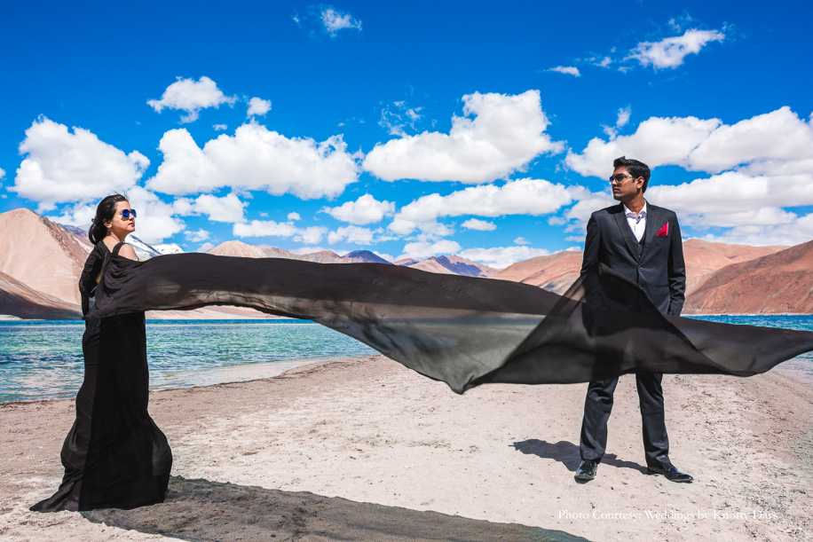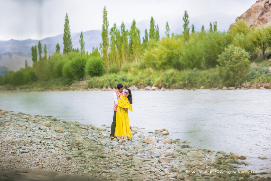 Leh’s stunning landscapes always threaten to outshine any subject you put before them but Weddings by Knotty Days managed to keep Niharika and Vishrut’s romance very much ‘in the picture’ at their pre-wedding photoshoot in the stunning high-altitude desert. The talented team shot this gorgeous couple and captured warm emotion with the beautiful but cold mountains of Leh as their backdrop.
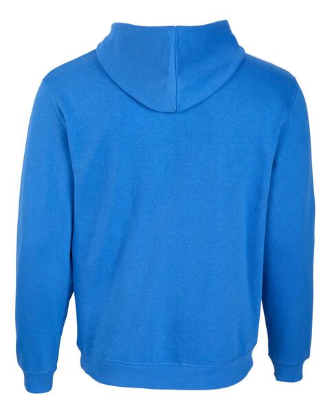 7 oz./yd_, 50/50 cotton/polyester 2-ply hood with self lining Folded rib cuffs and bottom opening Front pocket Woven loop label
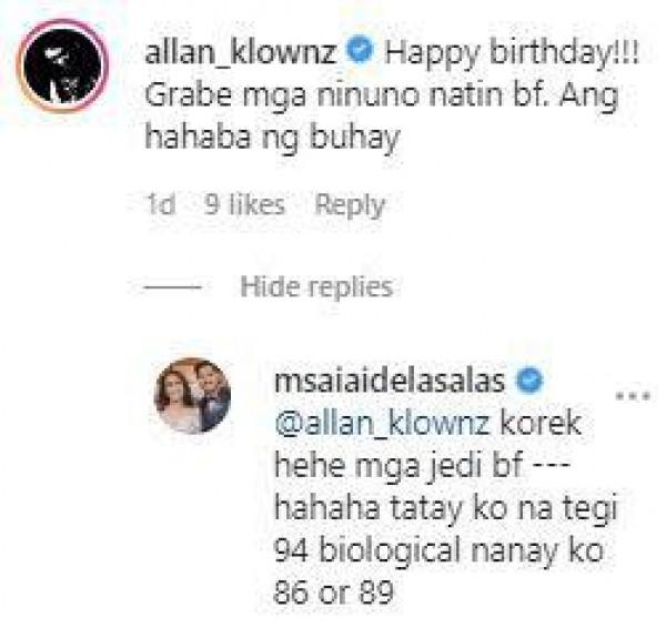 Her fellow Kapuso comedian commented on the post saying, "Happy birthday!!! Grabe mga ninuno natin bf. Ang hahaba ng buhay."
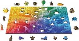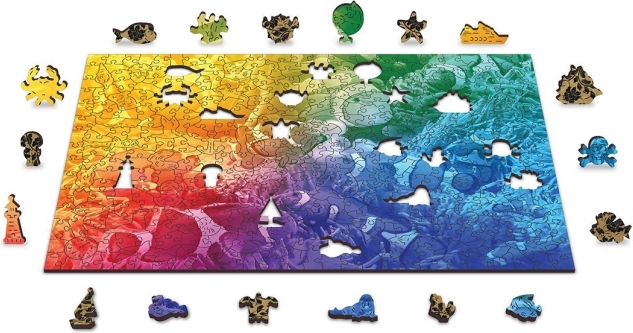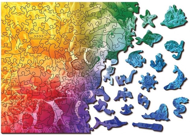 Zažijte pestrý podmořský svět s motivem tropických ryb a zábavou, která jen tak neomrzí. Díky laserem vyřezávaným dílkům a desítkám originálních tvarů čeká na vás chytlavá výzva. Puzzle je oboustranné – z líce skládáte barevný motiv, z rubu opakující se vzor podle tvarů.
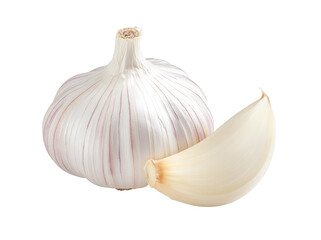 A whole fresh garlic head and clove segments isolated against a transparent background.
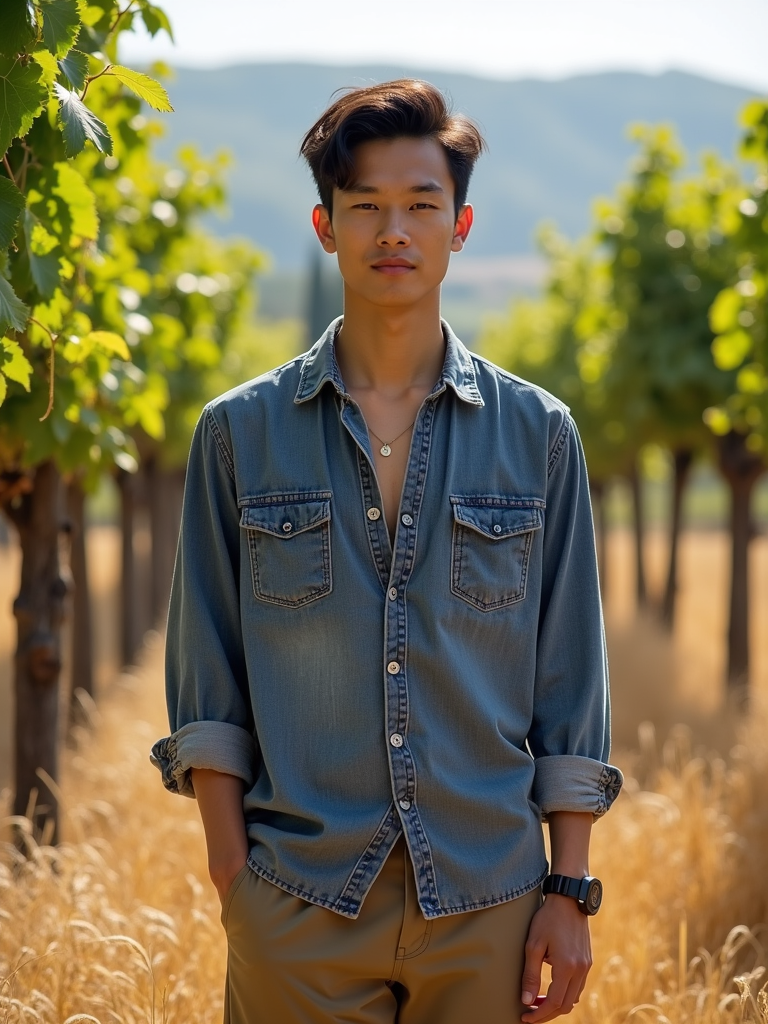model in a rustic vineyard in Tuscany, wearing casual elegant attire with European blue details, standing beneath hanging grape vines, golden wheat fields and cypress trees visible in the background, embodying European rural charm

## Task
Everything from the opening line of the data through the line with "Zažijte pestrý podmořský" should be repeated exactly; leave the pictures out.

## Reply to the exercise
 Leh’s stunning landscapes always threaten to outshine any subject you put before them but Weddings by Knotty Days managed to keep Niharika and Vishrut’s romance very much ‘in the picture’ at their pre-wedding photoshoot in the stunning high-altitude desert. The talented team shot this gorgeous couple and captured warm emotion with the beautiful but cold mountains of Leh as their backdrop.
 7 oz./yd_, 50/50 cotton/polyester 2-ply hood with self lining Folded rib cuffs and bottom opening Front pocket Woven loop label
 Her fellow Kapuso comedian commented on the post saying, "Happy birthday!!! Grabe mga ninuno natin bf. Ang hahaba ng buhay."
 Zažijte pestrý podmořský svět s motivem tropických ryb a zábavou, která jen tak neomrzí. Díky laserem vyřezávaným dílkům a desítkám originálních tvarů čeká na vás chytlavá výzva. Puzzle je oboustranné – z líce skládáte barevný motiv, z rubu opakující se vzor podle tvarů.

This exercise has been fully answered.